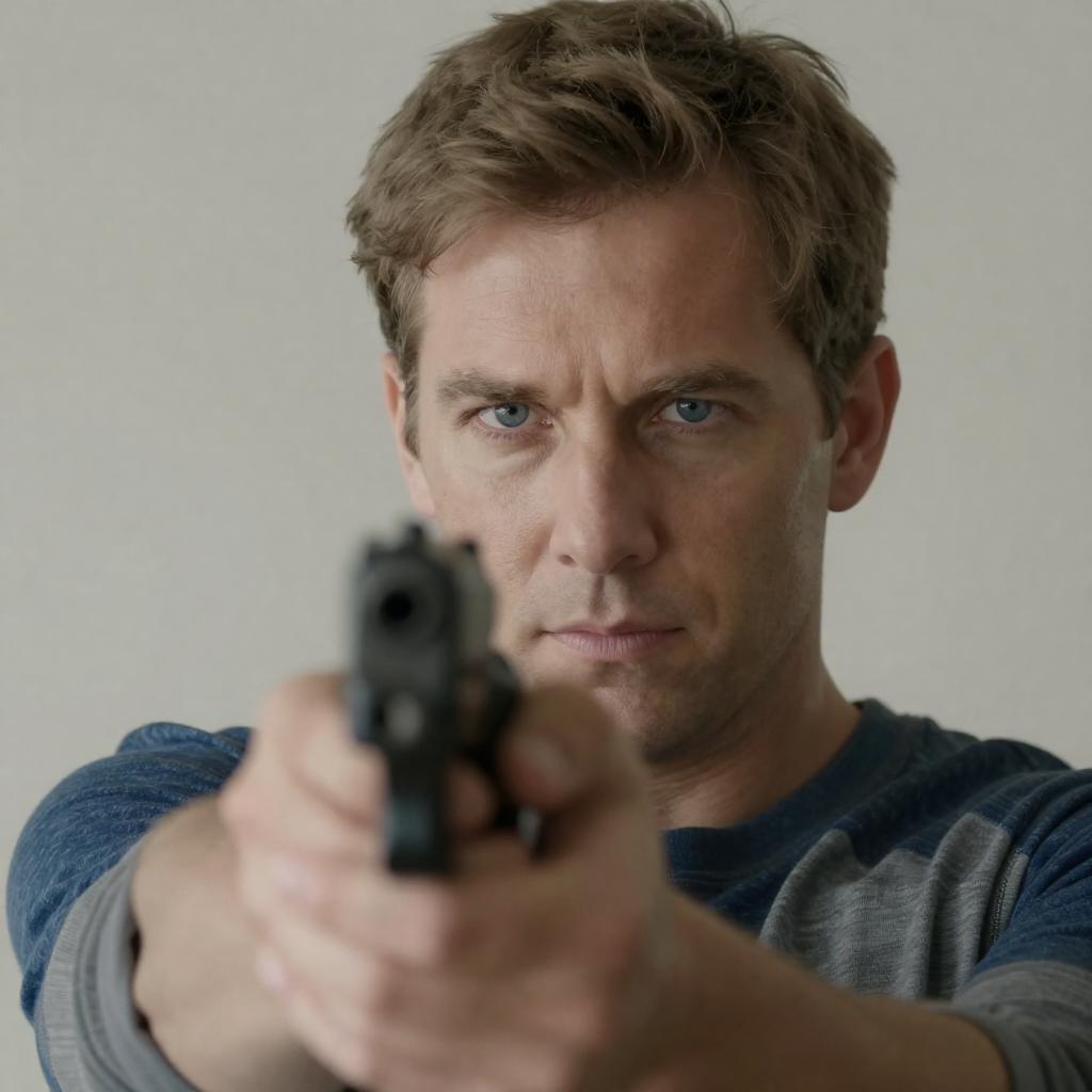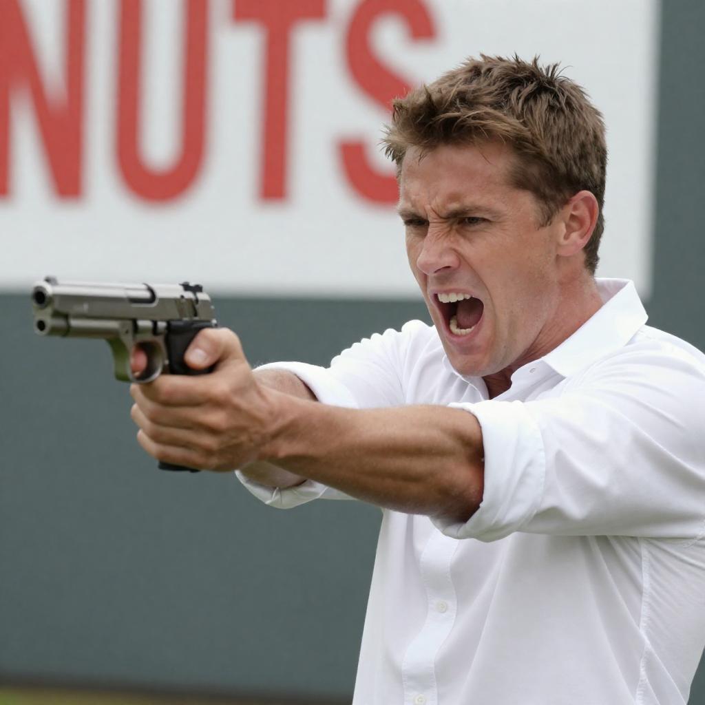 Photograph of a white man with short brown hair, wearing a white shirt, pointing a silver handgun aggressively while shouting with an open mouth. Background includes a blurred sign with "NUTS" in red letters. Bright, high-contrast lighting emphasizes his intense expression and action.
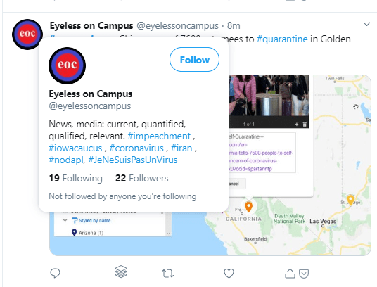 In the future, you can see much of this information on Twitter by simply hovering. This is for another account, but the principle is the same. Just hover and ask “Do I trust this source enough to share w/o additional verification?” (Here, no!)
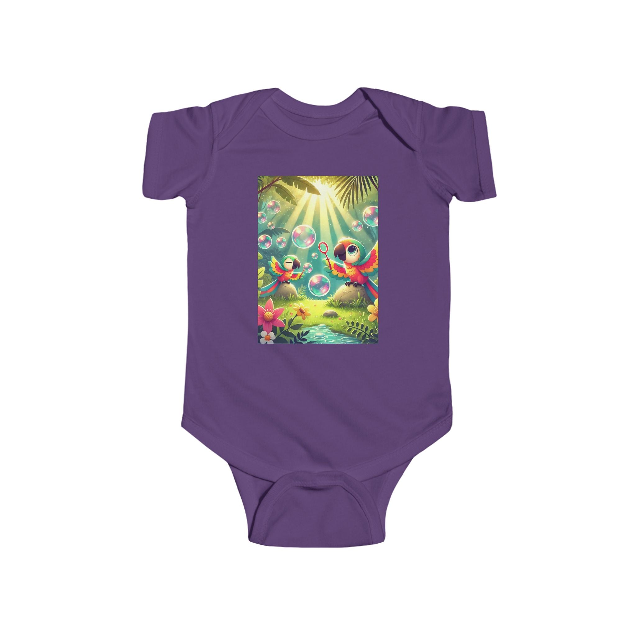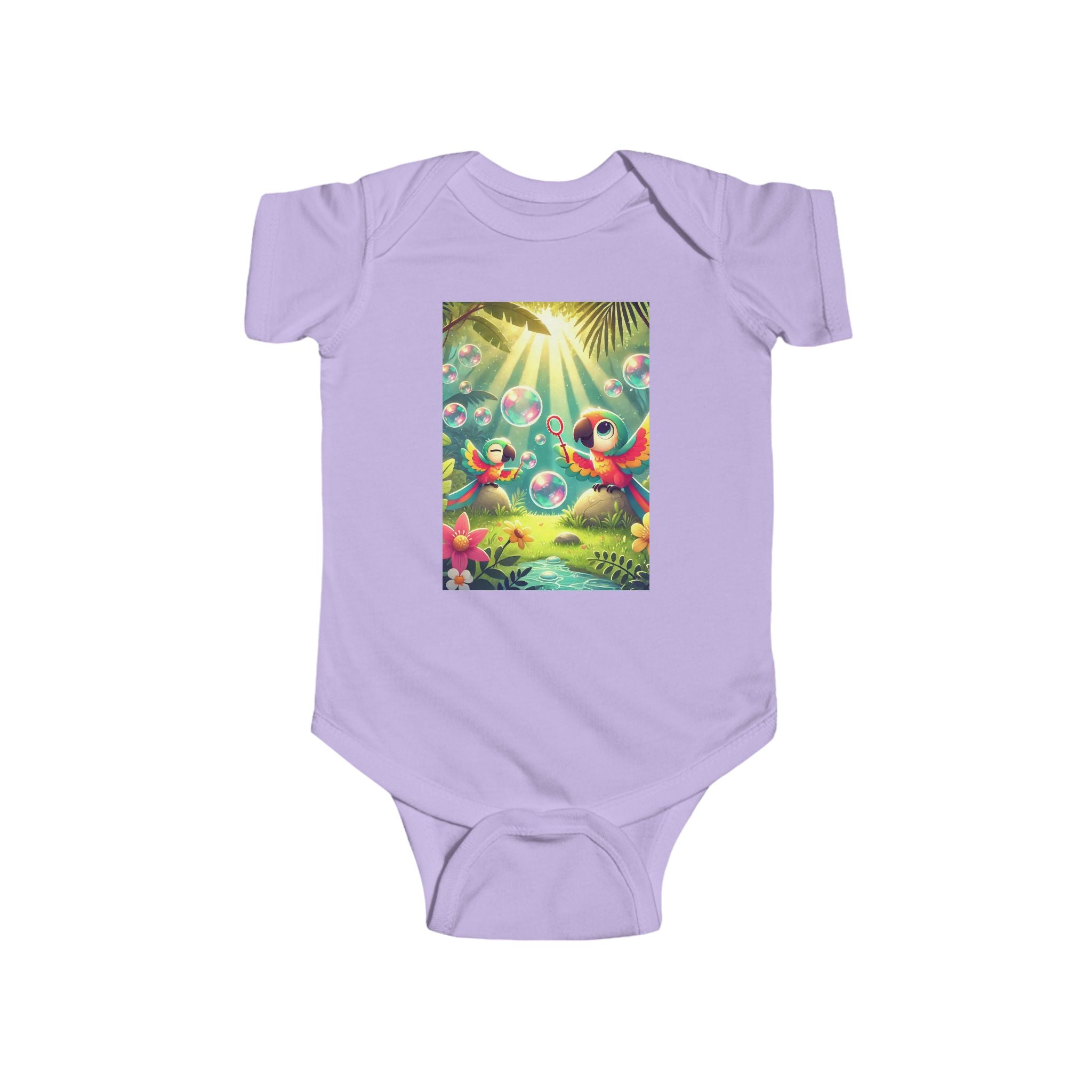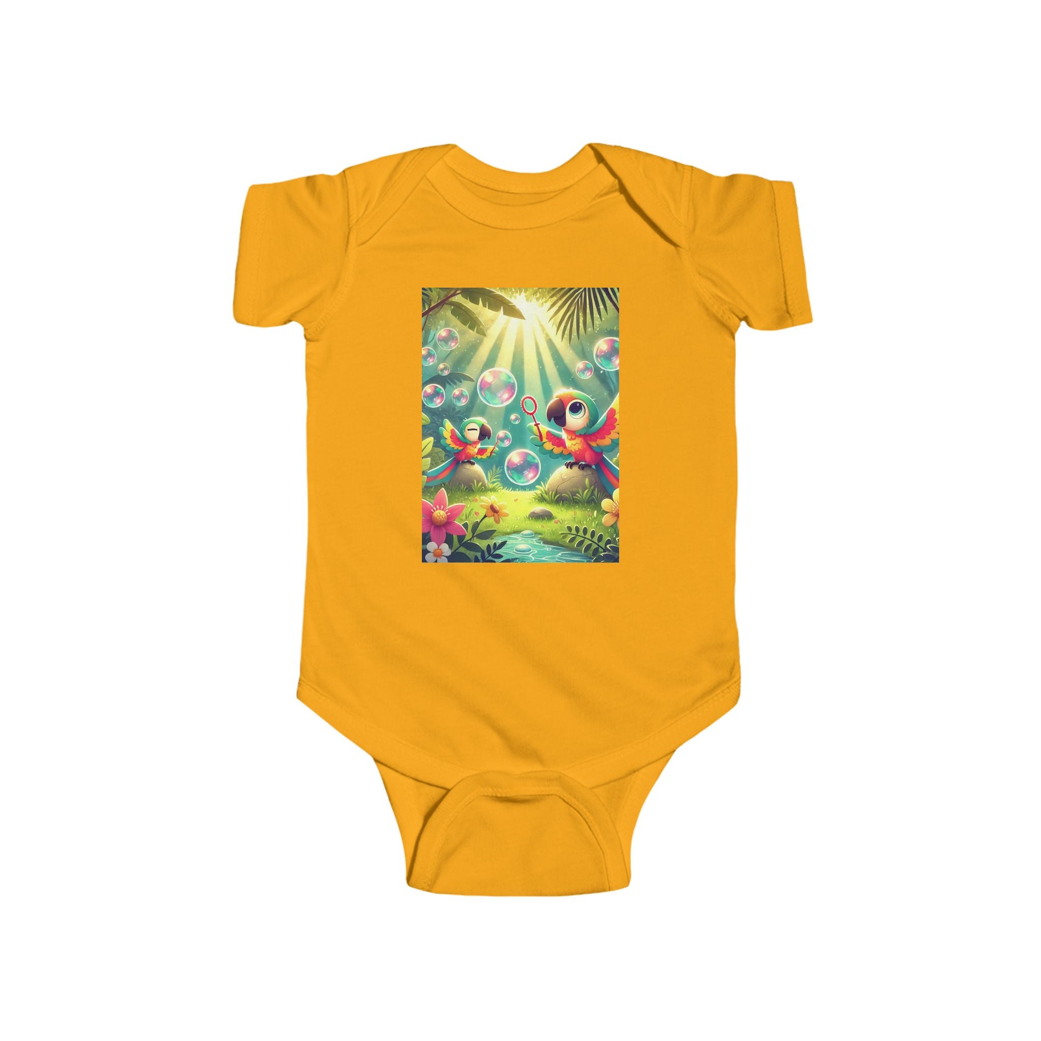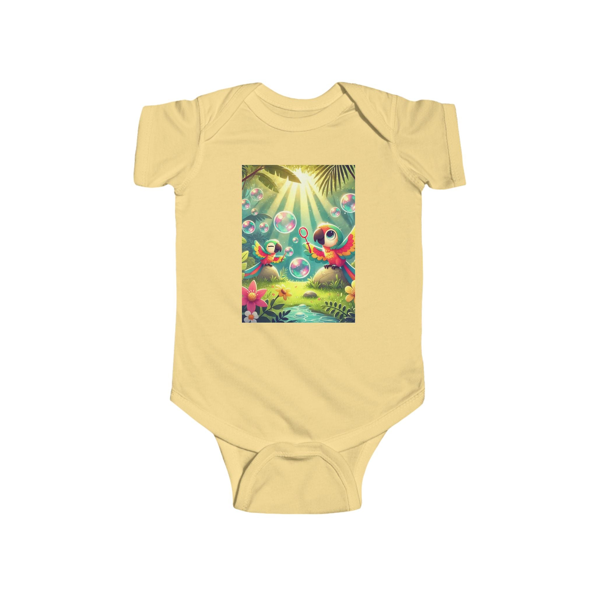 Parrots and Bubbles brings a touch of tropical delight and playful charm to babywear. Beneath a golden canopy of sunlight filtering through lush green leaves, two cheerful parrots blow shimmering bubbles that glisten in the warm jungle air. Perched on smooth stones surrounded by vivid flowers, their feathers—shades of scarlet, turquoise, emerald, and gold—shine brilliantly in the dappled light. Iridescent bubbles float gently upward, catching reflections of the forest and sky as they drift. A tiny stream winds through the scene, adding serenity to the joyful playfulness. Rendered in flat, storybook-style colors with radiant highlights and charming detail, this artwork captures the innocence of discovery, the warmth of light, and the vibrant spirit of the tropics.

--

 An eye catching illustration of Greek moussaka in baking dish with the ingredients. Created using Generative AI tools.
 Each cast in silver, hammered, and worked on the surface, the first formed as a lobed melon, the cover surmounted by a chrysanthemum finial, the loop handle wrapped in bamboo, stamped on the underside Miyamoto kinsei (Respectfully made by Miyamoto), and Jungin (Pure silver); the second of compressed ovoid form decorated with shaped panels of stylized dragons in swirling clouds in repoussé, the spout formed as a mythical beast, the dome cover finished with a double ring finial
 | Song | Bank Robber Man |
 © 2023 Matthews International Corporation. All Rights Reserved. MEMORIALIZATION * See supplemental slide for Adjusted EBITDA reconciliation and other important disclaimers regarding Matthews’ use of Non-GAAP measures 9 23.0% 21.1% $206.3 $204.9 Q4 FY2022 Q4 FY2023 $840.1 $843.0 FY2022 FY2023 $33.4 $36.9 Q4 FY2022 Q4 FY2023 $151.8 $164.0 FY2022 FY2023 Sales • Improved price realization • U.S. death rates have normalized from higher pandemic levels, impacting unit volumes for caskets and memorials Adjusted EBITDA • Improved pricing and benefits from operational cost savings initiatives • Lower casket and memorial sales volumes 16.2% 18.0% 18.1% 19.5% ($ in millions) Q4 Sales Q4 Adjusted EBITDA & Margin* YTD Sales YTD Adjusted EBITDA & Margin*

-- What the task asks --
Without the pictures, set down the lines above from the line with "In the future, you" up to and including the line with "Parrots and Bubbles" exactly as they stand.

-- Exercise result --
 In the future, you can see much of this information on Twitter by simply hovering. This is for another account, but the principle is the same. Just hover and ask “Do I trust this source enough to share w/o additional verification?” (Here, no!)
 Parrots and Bubbles brings a touch of tropical delight and playful charm to babywear. Beneath a golden canopy of sunlight filtering through lush green leaves, two cheerful parrots blow shimmering bubbles that glisten in the warm jungle air. Perched on smooth stones surrounded by vivid flowers, their feathers—shades of scarlet, turquoise, emerald, and gold—shine brilliantly in the dappled light. Iridescent bubbles float gently upward, catching reflections of the forest and sky as they drift. A tiny stream winds through the scene, adding serenity to the joyful playfulness. Rendered in flat, storybook-style colors with radiant highlights and charming detail, this artwork captures the innocence of discovery, the warmth of light, and the vibrant spirit of the tropics.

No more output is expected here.